* Brief *
Transcribe each of the records below exactly, excluding all pictures.

====== The data ======

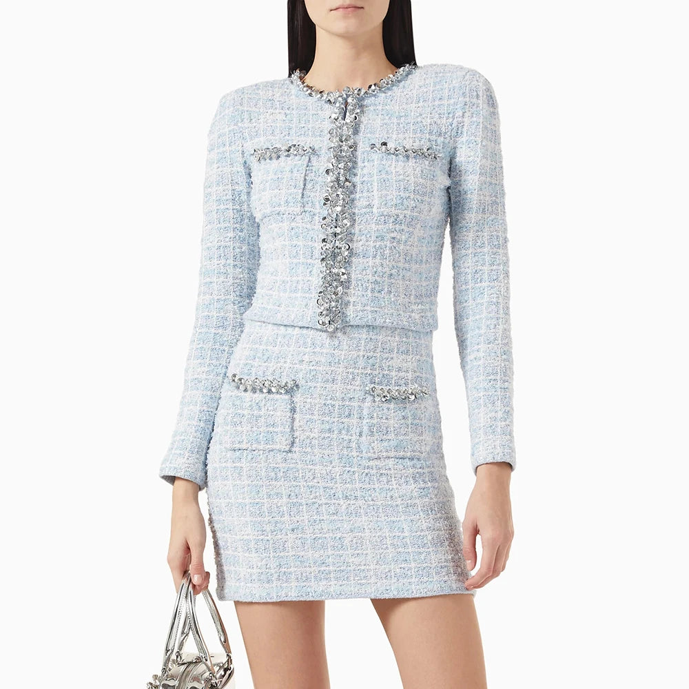 Zweiteiliges Damen-Set mit Rundhals, Langarm-Oberteil und Faltenrock – lässig und stilvoll
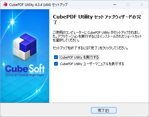 - [完了]をクリックしてセットアップウィザードを閉じます。
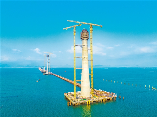 黄茅海畔,迎风而立,长达10多公里的施工栈道,从岸边直抵大海中央,横卧碧波之上,另一个“超级工程”黄茅海跨海通道也正勇攀高峰。“黄茅海跨海通道的最大控制性工程黄茅海大桥,是未来世界最大跨径三塔公路斜拉桥,如今大桥主墩如‘定海神针’般深扎海中,‘成长’中的主塔节节攀高,‘身高’超百米。”黄茅海跨海通道T5标项目副经理高骏表示,黄茅海大桥主塔为独柱纤腰型,如广州经典建筑“小蛮腰”,立于大海之上,其中主塔最高达263米,建成后既壮观也美丽,将成为大湾区新地标。
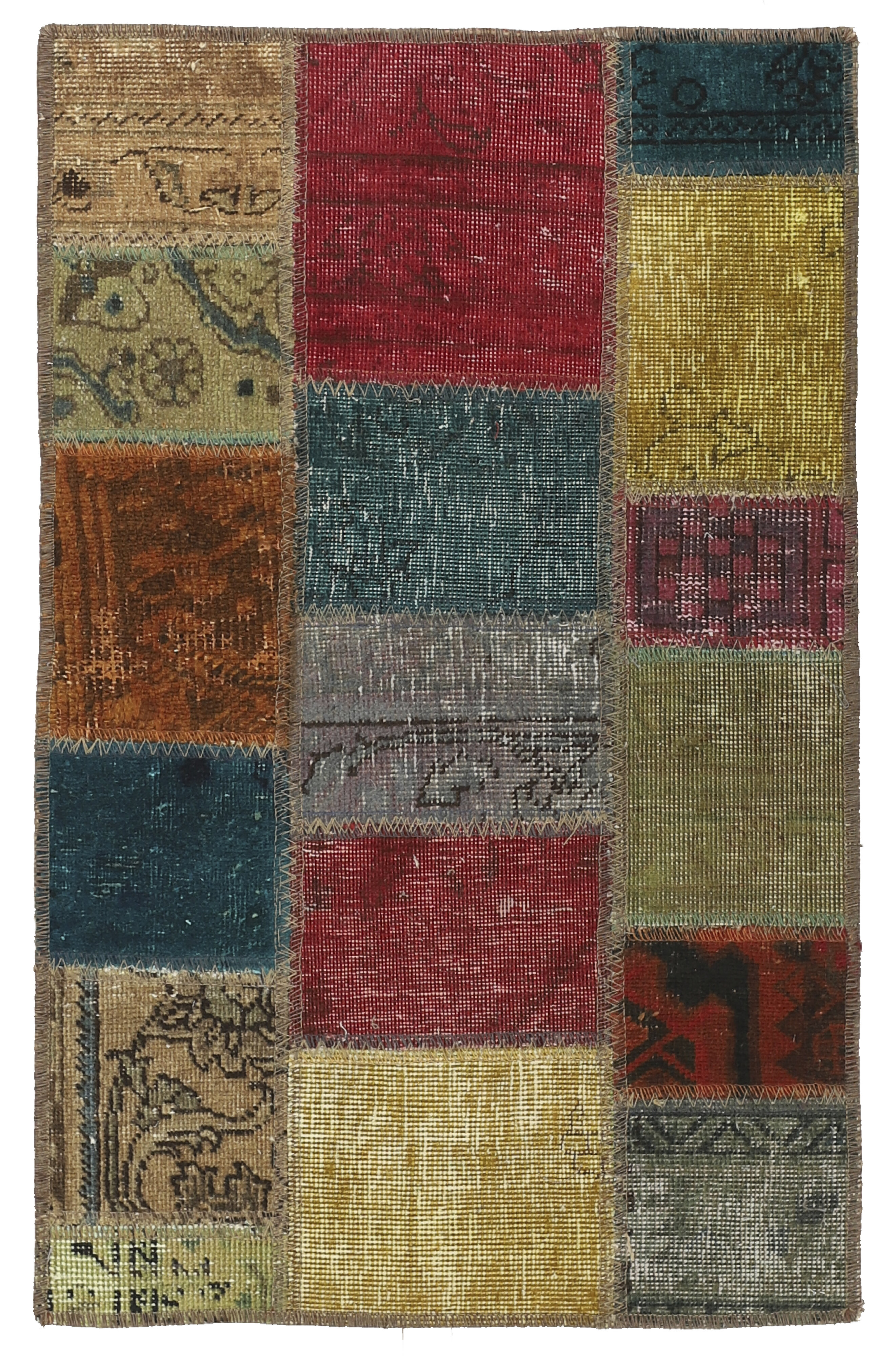 Vintage PatchworkItem no.: 1522131 Size: 60 cm x 95 cmVintage Royals are antique hand knotted rugs of Persian origin. The Patchwork Collection consists of old rugs that have been beyond repair, and instead cut into smaller pieces and used for patchwork. The Patchwork pieces are stonewashed and recoloured in light, dark, or bright colours, with the old pattern just being visible. The Patchwork rug forms a whole new and unique design. The rugs are of a very high quality and are available in large sizes. With the Vintage Royal Patchwork Collection, you do not just get a rug; you adorn your home with a unique piece of antique, Persian handcraft.
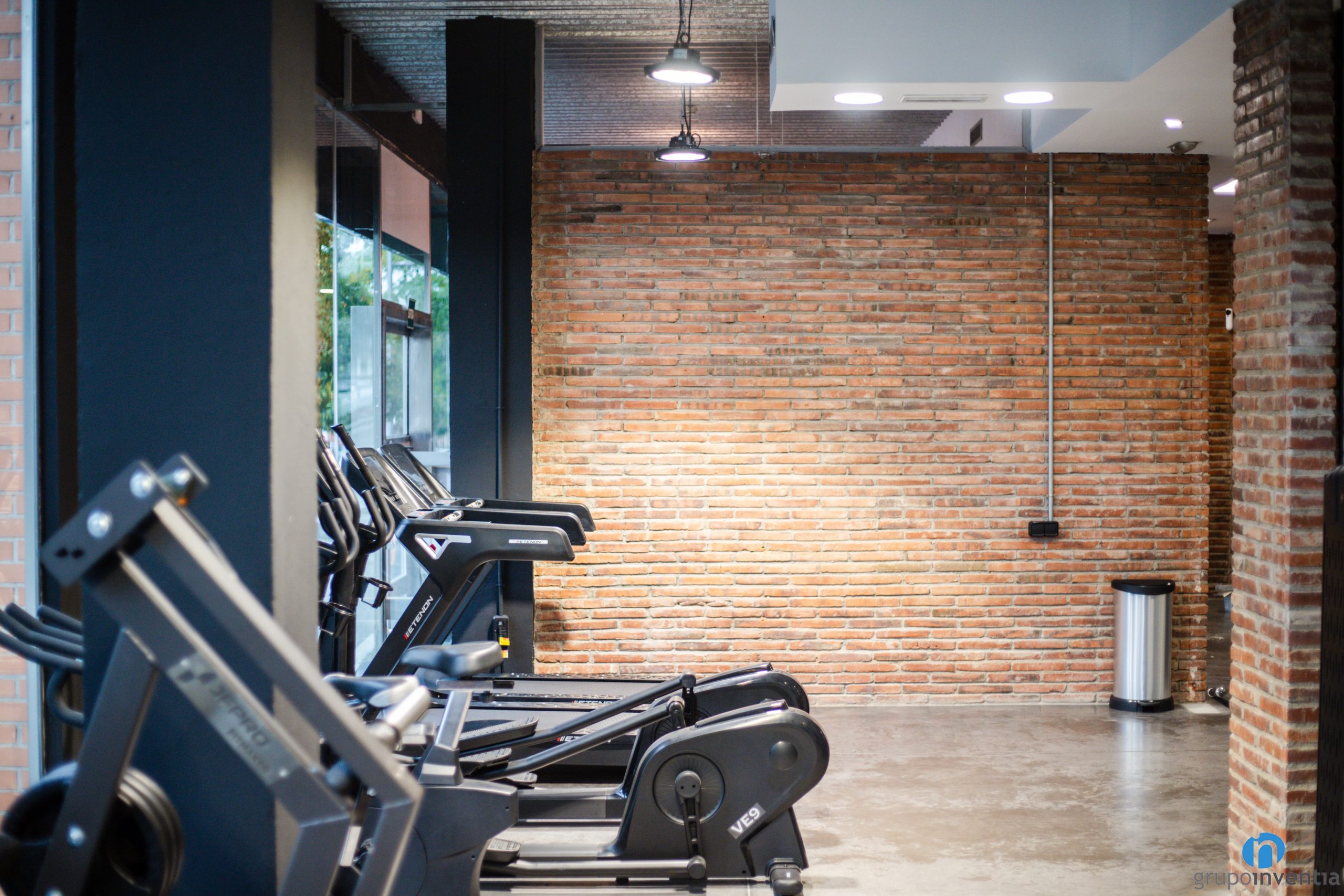 This gym in Martorell has large entrances of natural light. In this way, the weight room space is perfectly lit. In addition, it allows pedestrians to appreciate the interior of the gym. As in the reception, the walls are exposed brick. Next to the columns covered with mirror-effect metal, the interior design is modern and industrial.

======

* Answer to this task *
 Zweiteiliges Damen-Set mit Rundhals, Langarm-Oberteil und Faltenrock – lässig und stilvoll
 - [完了]をクリックしてセットアップウィザードを閉じます。
 黄茅海畔,迎风而立,长达10多公里的施工栈道,从岸边直抵大海中央,横卧碧波之上,另一个“超级工程”黄茅海跨海通道也正勇攀高峰。“黄茅海跨海通道的最大控制性工程黄茅海大桥,是未来世界最大跨径三塔公路斜拉桥,如今大桥主墩如‘定海神针’般深扎海中,‘成长’中的主塔节节攀高,‘身高’超百米。”黄茅海跨海通道T5标项目副经理高骏表示,黄茅海大桥主塔为独柱纤腰型,如广州经典建筑“小蛮腰”,立于大海之上,其中主塔最高达263米,建成后既壮观也美丽,将成为大湾区新地标。
 Vintage PatchworkItem no.: 1522131 Size: 60 cm x 95 cmVintage Royals are antique hand knotted rugs of Persian origin. The Patchwork Collection consists of old rugs that have been beyond repair, and instead cut into smaller pieces and used for patchwork. The Patchwork pieces are stonewashed and recoloured in light, dark, or bright colours, with the old pattern just being visible. The Patchwork rug forms a whole new and unique design. The rugs are of a very high quality and are available in large sizes. With the Vintage Royal Patchwork Collection, you do not just get a rug; you adorn your home with a unique piece of antique, Persian handcraft.
 This gym in Martorell has large entrances of natural light. In this way, the weight room space is perfectly lit. In addition, it allows pedestrians to appreciate the interior of the gym. As in the reception, the walls are exposed brick. Next to the columns covered with mirror-effect metal, the interior design is modern and industrial.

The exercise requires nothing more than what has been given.